What to do:
Leave out every picture, and return exactly the lines from the line containing "Único en el" through the end of the records below, both inclusive.

Material for this exercise START

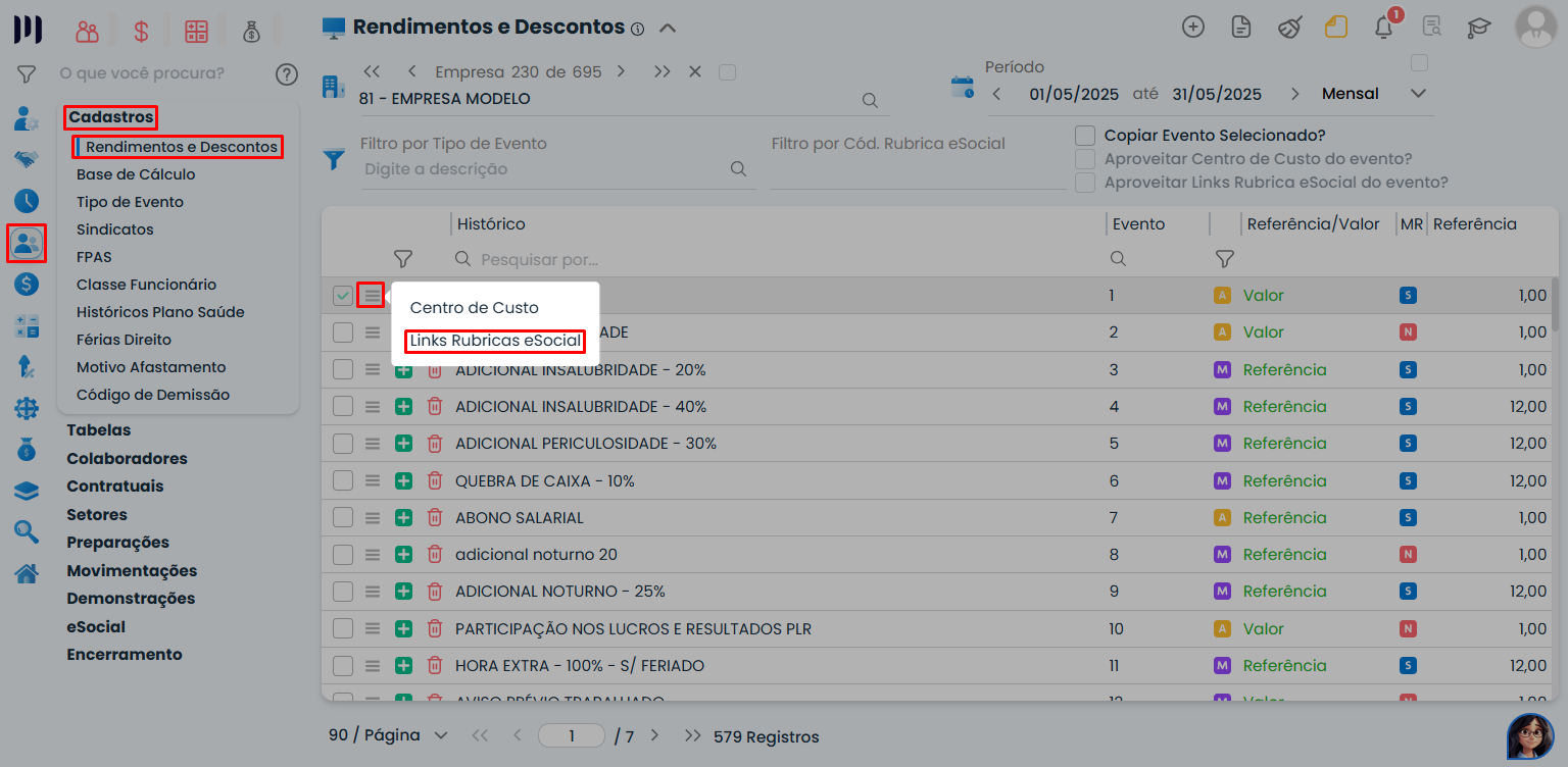 Quando uma rubrica está vinculada com parâmetros incorretos no cadastro, ela pode afetar o cálculo dos eventos enviados ao eSocial.
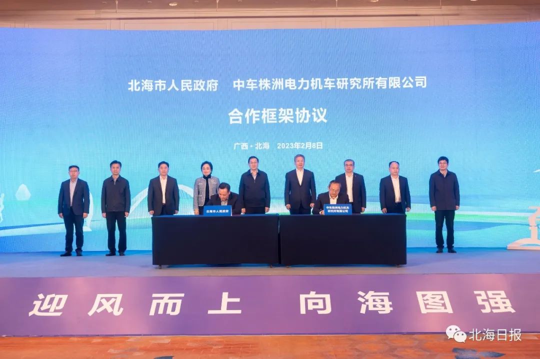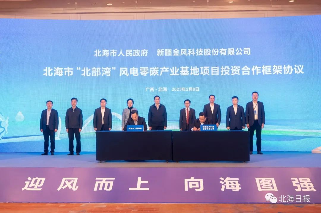 会上,北海市人民政府分别与新疆金风科技股份有限公司、中车株洲电力机车研究所有限公司签署了合作框架协议。
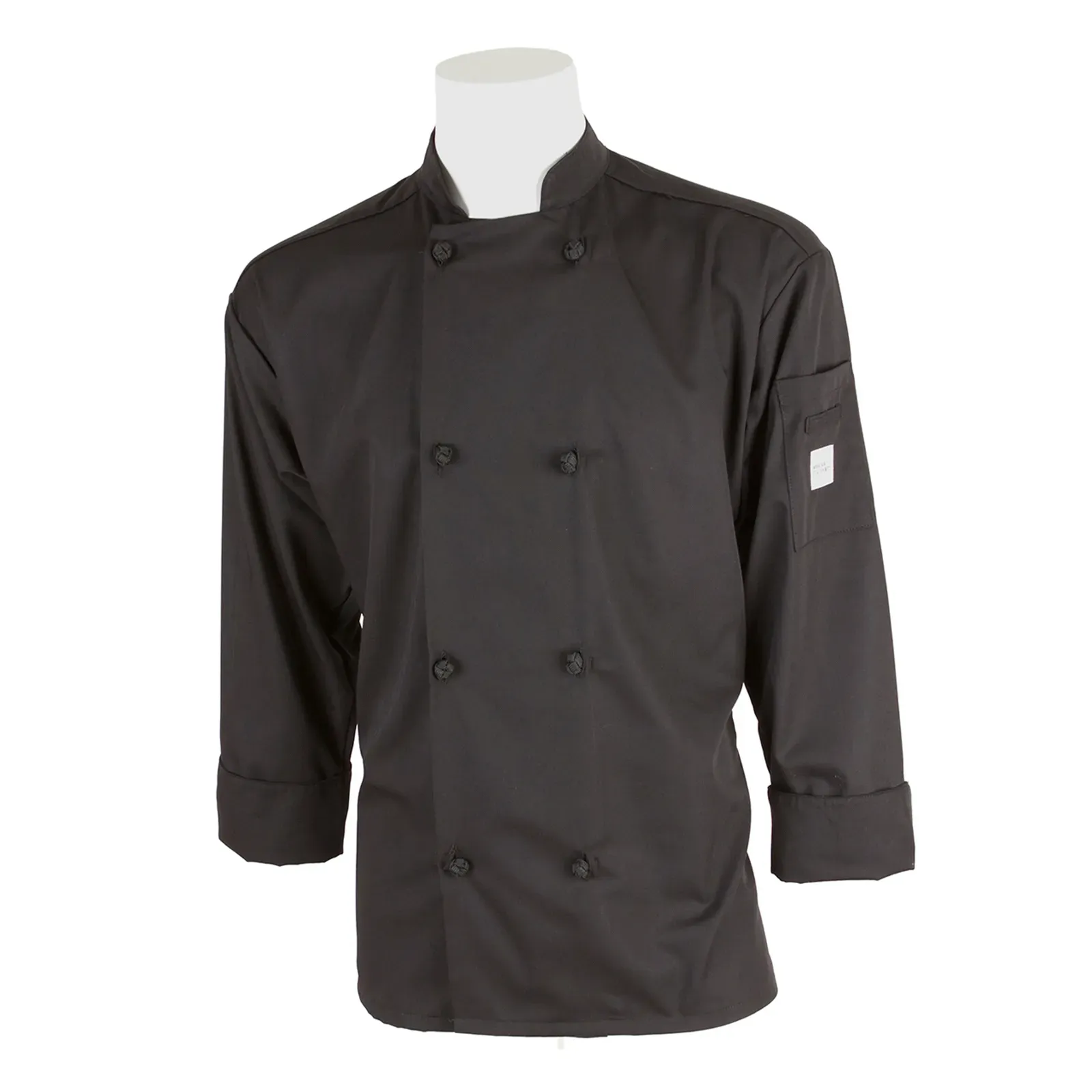 Optimize kitchen workflow with the Mercer Culinary, M60012BK1X Chef's Coat. This Millennia Unisex Jacket is designed to enhance efficiency and comfort in a commercial restaurant setting. With its eight cloth knot buttons, this coat offers a secure and professional fit, ensuring that chefs can focus on their culinary creations without any distractions. The shoulder pocket provides a convenient storage solution for essential tools, allowing chefs to have quick access to their utensils while keeping their hands free. Made from a durable 65/35 poly/cotton twill fabric, this black chef's coat is both stylish and practical, offering easy maintenance and long-lasting performance. Elevate your restaurant's image and provide your chefs with the comfort and functionality they need with the Mercer Culinary, M60012BK1X Chef's Coat.
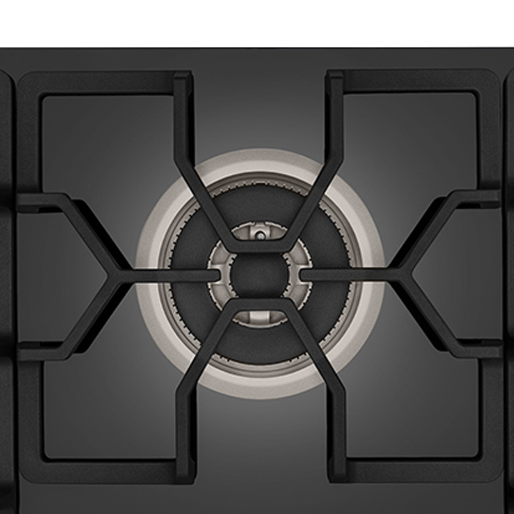 Único en el mercado, novedoso quemador triple ring. Enciende de manera independiente un anillo de flama o los tres al mismo tiempo para un calentamiento rápido y uniforme.
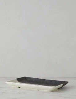 Anchor a chic centerpiece or create a stylish catchall on your dresser or entryway table with this stoneware platter. The two-tone finish offers an eye-catching impact with an understated touch.
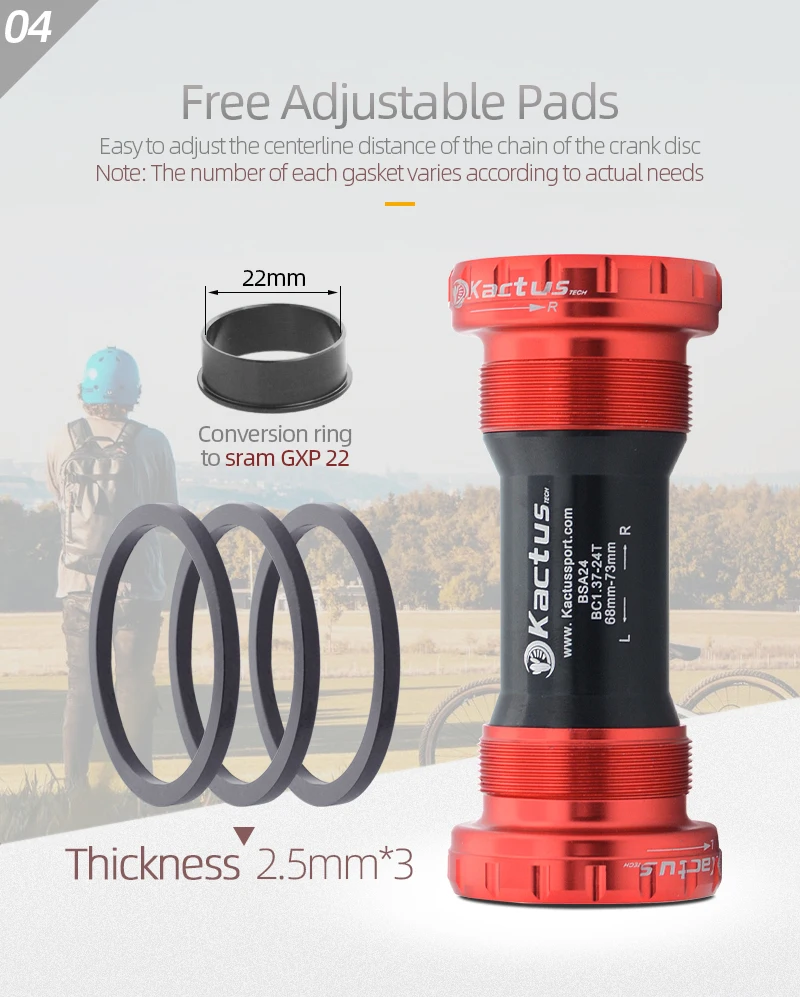 Подходит для:Shimano полный спектр коленчатых комплектов, SRAM GXP дорожный велосипед или MTB коленчатый набор, ротор 3D24,Aldhu24 коленчатый набор и другой бренд коленчатого набора с диаметром вала 24 мм.

Material for this exercise END

Answer to the exercise:
 Único en el mercado, novedoso quemador triple ring. Enciende de manera independiente un anillo de flama o los tres al mismo tiempo para un calentamiento rápido y uniforme.
 Anchor a chic centerpiece or create a stylish catchall on your dresser or entryway table with this stoneware platter. The two-tone finish offers an eye-catching impact with an understated touch.
 Подходит для:Shimano полный спектр коленчатых комплектов, SRAM GXP дорожный велосипед или MTB коленчатый набор, ротор 3D24,Aldhu24 коленчатый набор и другой бренд коленчатого набора с диаметром вала 24 мм.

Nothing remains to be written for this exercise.